You must not modify the input arguments to Collectors.reducing. new Item() is only executed once and all your reduction operations will share the same "aggregation instance". In other words: the map will contain the same value instance 4 times (you can easily check yourself with System.identityHashCode() or by comparing for reference-equality: aggregatedItems.get("CODE1") == aggregatedItems.get("CODE2")).
Instead, return a new result instance:
final Map<String, Item> aggregatedItems = itemList
.stream()
.collect(Collectors.groupingBy(
Item::getCode,
Collectors.reducing(new Item(), (item1, item2) -> {
final Item reduced = new Item();
reduced.setQuantity(item1.getQuantity() + item2.getQuantity());
reduced.setAmount(item1.getAmount() + item2.getAmount());
return reduced;
})
));
Output:
Map total size: 4
key: CODE2
value - quantity: 5 - amount: 64.0
key: CODE1
value - quantity: 1 - amount: 12.0
key: CODE4
value - quantity: 10 - amount: 31.0
key: CODE3
value - quantity: 5 - amount: 50.0

You are using reducing, which assumes that you won't mutate the accumulator passed in. reducing won't create new Items for you for each new group, and expects you to create new Items and return them in the lambda, like this:
// this works as expected
.collect(Collectors.groupingBy(
Item::getCode,
Collectors.reducing(new Item(), (item1, item2) -> createItem(
item1.getCode(),
item1.getQuantity() + item2.getQuantity(),
item1.getAmount() + item2.getAmount()
))
));
so it is very suitable if you are using immutable objects like numbers or strings.
Since you are not creating new Items in your code, reducing keeps on reusing that same instance, resulting in the behaviour you see.
If you want to mutate the objects, you can do mutable reduction in a thread safe way with Collector.of:
.collect(Collectors.groupingBy(
Item::getCode,
Collector.of(Item::new, (aggregatedItem, item) -> {
int aggregatedQuantity = aggregatedItem.getQuantity();
double aggregatedAmount = aggregatedItem.getAmount();
aggregatedItem.setQuantity(aggregatedQuantity + item.getQuantity());
aggregatedItem.setAmount(aggregatedAmount + item.getAmount());
}, (item1, item2) -> createItem(
item1.getCode(),
item1.getQuantity() + item2.getQuantity(),
item1.getAmount() + item2.getAmount()
))
));
Notice that you now pass the reference to Item's constructor, i.e. a way to create new Items when necessary, as opposed to just a single new Item().

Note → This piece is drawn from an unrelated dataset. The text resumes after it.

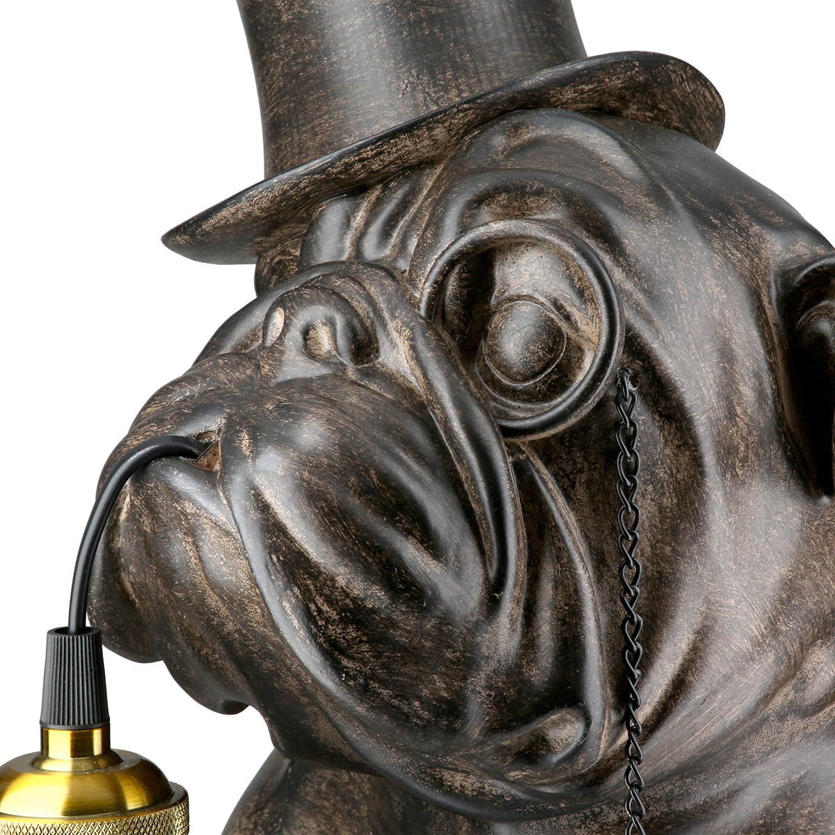 Lampă de masă, Pug, Pug cu monoclu, Pălărie de top, Polirășină, maro, PU 1, L. 34 cm, L. 24,5 cm, H. 41,5 cm

In addition, you also provide a third argument, the combiner, that tells the collector how to create a new item from two existing ones, which will be used if this collector is used in a concurrent situation. (See here for more info about the combiner)
This contrast between Collector.of and Collectors.reducing is the same contrast between Stream.reduce and Stream.collect. Learn more here.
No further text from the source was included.